Five communication calls have been reported. The hiccup call indicates friendly interactions; it is used by males during the mating period and by females to call the litter. Kits purr during their first week of life and, during their dependent weeks, moan or mew. Kits also growl after the complete development of predatory behavior and during aggressive interactions. Finally, genets utter a click as a threat. The clicks, or, in younger individuals, growls, are used to indicate aggression. Threatening behavior consists of erection of the dark central dorsal band of hair, an arched-back stance, opening the mouth, and baring the teeth.

===Reproduction and development===
In Spain, common genets breed between January and September, with a peak in February and March and another one in the summer. Mating behaviour and development of young has been studied in captive individuals. Copulation lasts about two to three minutes, and is repeated up to five times in the same night. After a gestation period of 10 to 11 weeks, up to four young are born. Newborn common genets weigh 60 to 85 g. They start eating meat at around seven weeks of age, and are fully weaned at four months of age. When five months old, they are skilled in hunting on their own. When 19 months old, they start marking, and are thought to be sexually mature at the age of two years. Captive common genets have lived up to 13 years.

==Threats and conservation==
No major threats to common genets are known. In North Africa and some localities in southern Africa, they are hunted for their fur. In Portugal, they get killed in predator traps.
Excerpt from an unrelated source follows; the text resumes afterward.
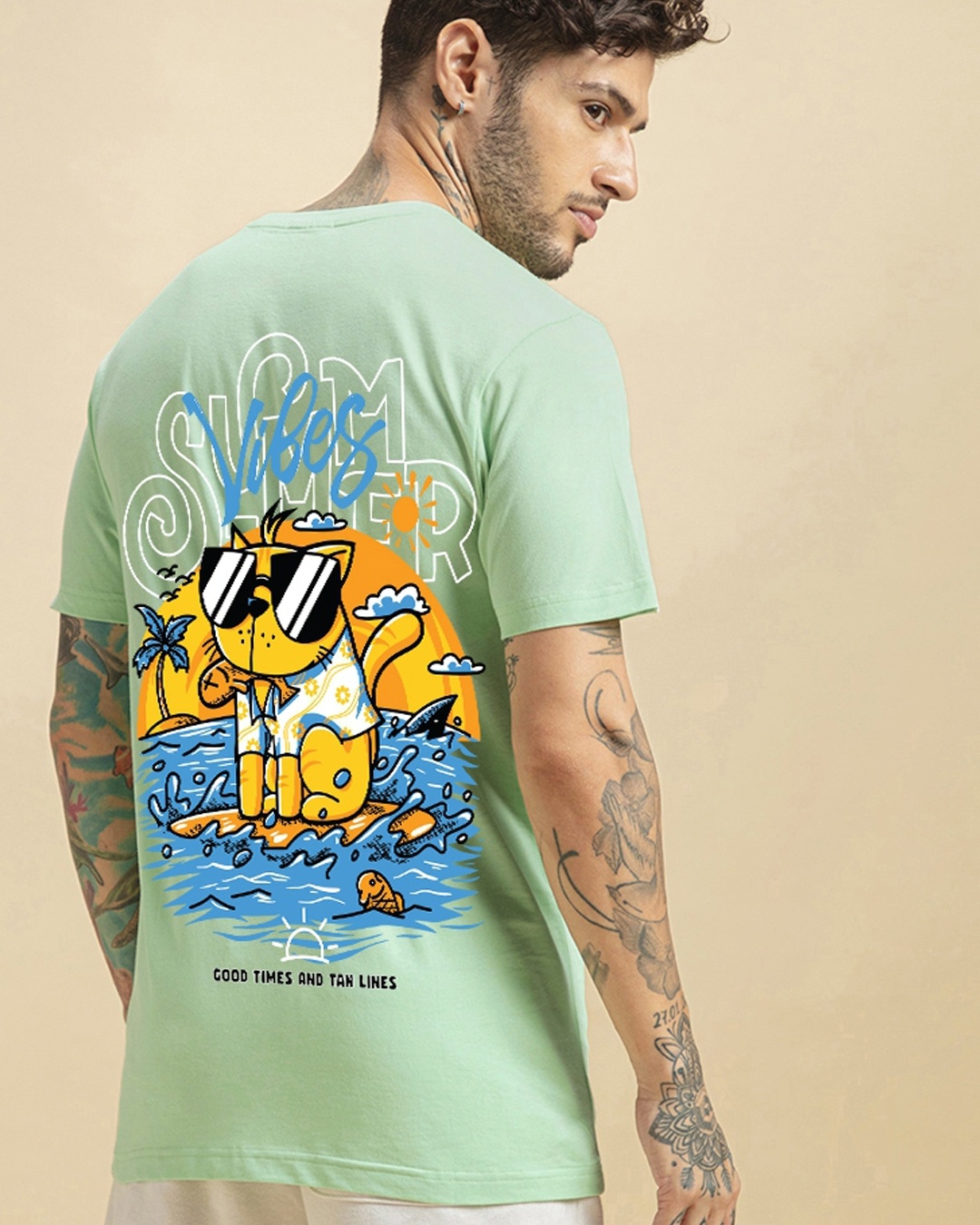 Men's Bird Egg Green Heat Waves Graphic Printed T-shirt

On Ibiza, urbanization and development of infrastructure cause loss and fragmentation of habitat.

Genetta genetta is listed on Appendix III of the Bern Convention and in Annex V of the Habitats and Species Directive of the European Union.

==Taxonomy==
Viverra genetta was the scientific name proposed by Carl Linnaeus in 1758.

More than 30 subspecies of the common genet have been described. The following are considered valid:
- G. g. genetta (Linnaeus), 1758 – Spain, Portugal and France
- G. g. afra (Cuvier), 1825 – North Africa
- G. g. senegalensis (Fischer), 1829 – sub-Saharan Africa
- G. g. dongolana (Hemprich and Ehrenberg), 1832 – Arabia

Genetta felina has been reclassified as a species based on morphological diagnoses comparing 5500 Viverrinae specimens in zoological collections.

Along with other viverrids, genets are among living carnivorans considered to be the morphologically closest to the extinct common ancestor of the whole order.